- [Your assignment] Output the full listing below exactly as it reads, and skip anything that is a picture.

=== Collected data ===

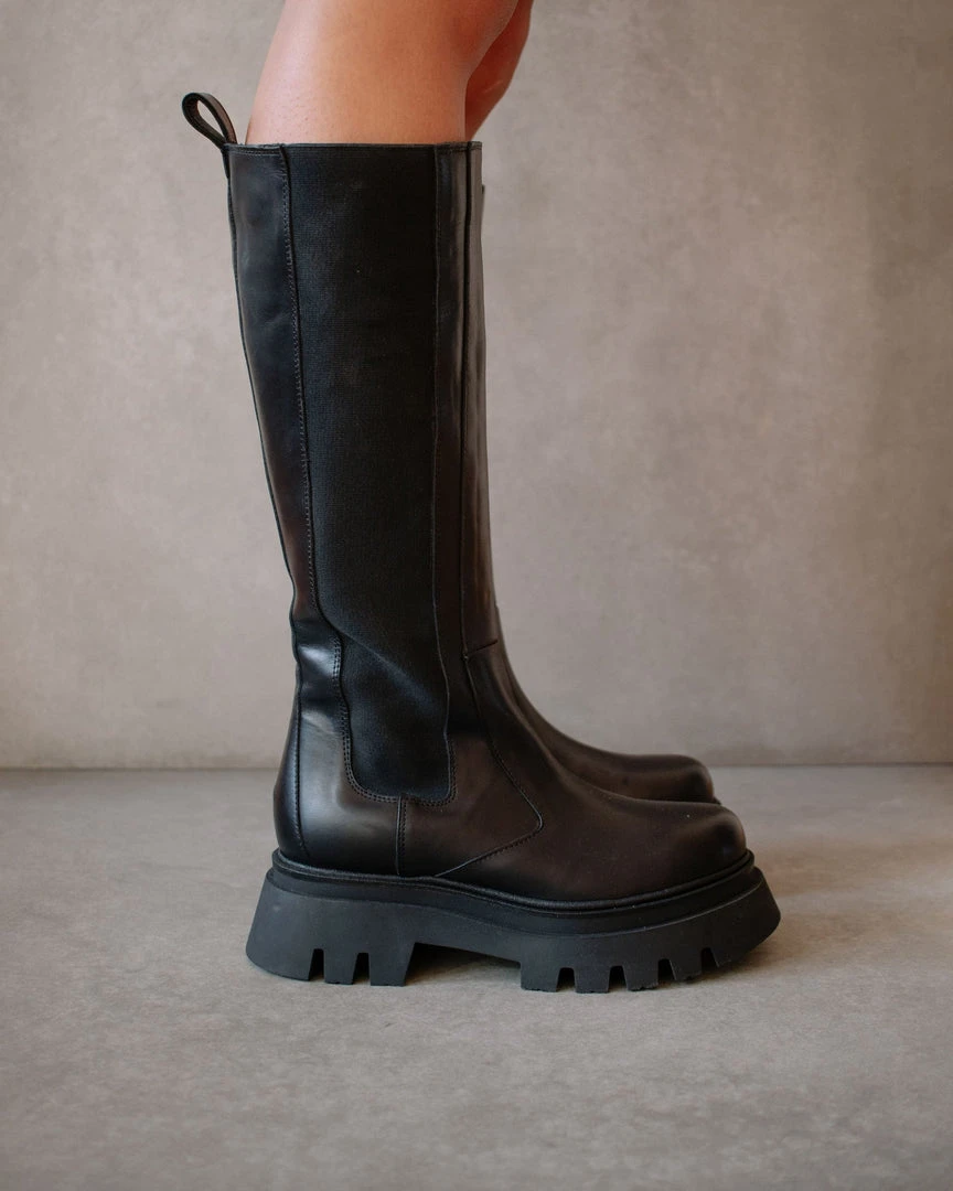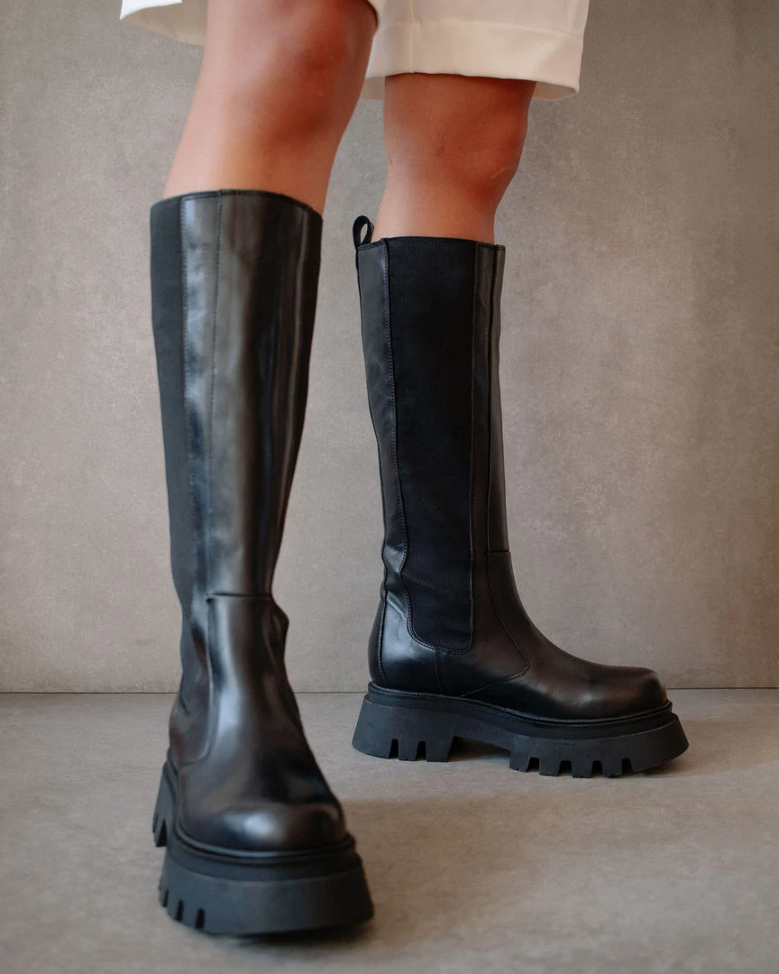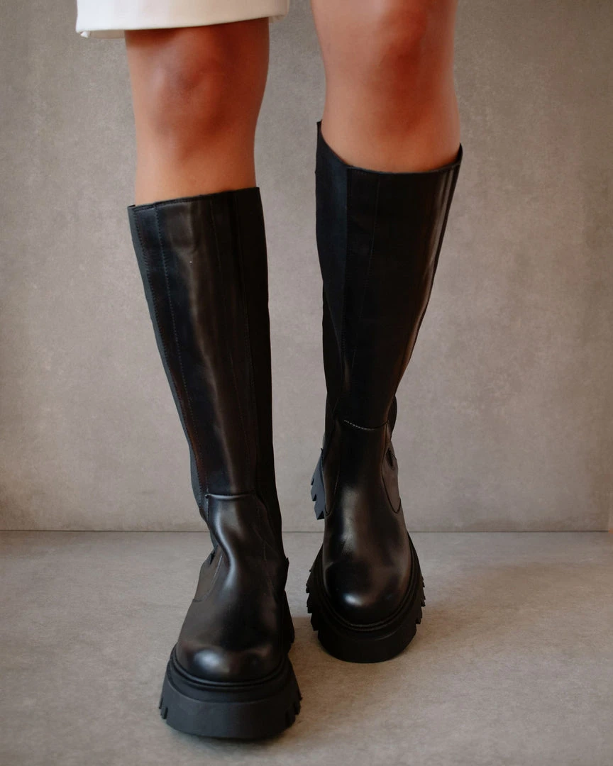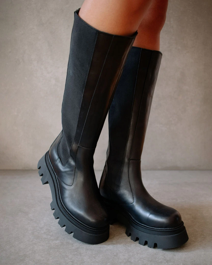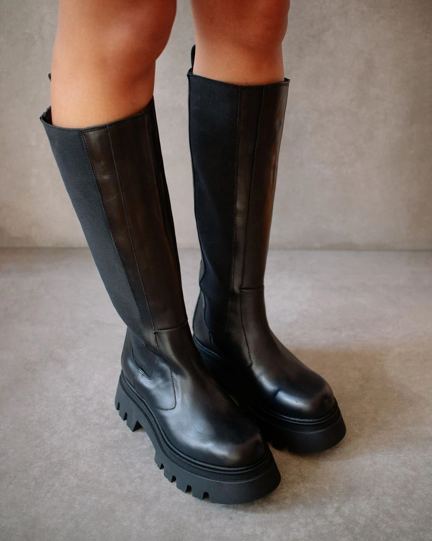 Chunky style boot with a maxi platform and slip on silhouette. Reaches right under the knee. Adds height and attitude to any type of outfit.
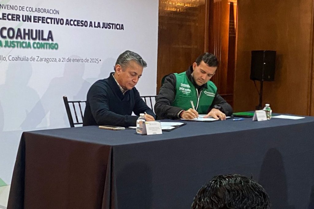 Tras la firma del convenio de colaboración entre el Poder Judicial de la Federación en Coahuila y la estrategia de Mejora Coahuila a cargo del Secretario, Gabriel Elizondo, el Magistrado Presidente el PJF en el Estado, Miguel Mery Ayup destaco que se han tenido una mayor cercanía con la comunidad coahuilense trabajando en sinergia entre los poderes del Estado.
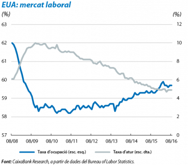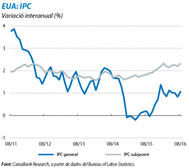 A l’avantsala d’un avanç apreciable de la inflació. A l’agost, la inflació es va situar en l’1,1% interanual, 3 dècimes per damunt del registre del mes anterior. De cara als propers mesos, s’espera un augment notable de la inflació: si es compleixen les previsions, se situarà en el 2,3% interanual al març del 2017. Pel que fa a la inflació subjacent, es va situar 1 dècima per damunt del registre del mes anterior, en el 2,3%. El mercat de treball, per la seva banda, es continua mostrant robust. A l’agost, es van crear 155.000 llocs de treball, una dada significativa, i més si es té en compte la revisió a l’alça en el registre del juliol (fins als 275.000). La taxa d’atur es va mantenir en un reduït 4,9%, i els salaris van continuar marcant avanços apreciables (el 2,4% interanual).

===

- [Exercise output]
 Chunky style boot with a maxi platform and slip on silhouette. Reaches right under the knee. Adds height and attitude to any type of outfit.
 Tras la firma del convenio de colaboración entre el Poder Judicial de la Federación en Coahuila y la estrategia de Mejora Coahuila a cargo del Secretario, Gabriel Elizondo, el Magistrado Presidente el PJF en el Estado, Miguel Mery Ayup destaco que se han tenido una mayor cercanía con la comunidad coahuilense trabajando en sinergia entre los poderes del Estado.
 A l’avantsala d’un avanç apreciable de la inflació. A l’agost, la inflació es va situar en l’1,1% interanual, 3 dècimes per damunt del registre del mes anterior. De cara als propers mesos, s’espera un augment notable de la inflació: si es compleixen les previsions, se situarà en el 2,3% interanual al març del 2017. Pel que fa a la inflació subjacent, es va situar 1 dècima per damunt del registre del mes anterior, en el 2,3%. El mercat de treball, per la seva banda, es continua mostrant robust. A l’agost, es van crear 155.000 llocs de treball, una dada significativa, i més si es té en compte la revisió a l’alça en el registre del juliol (fins als 275.000). La taxa d’atur es va mantenir en un reduït 4,9%, i els salaris van continuar marcant avanços apreciables (el 2,4% interanual).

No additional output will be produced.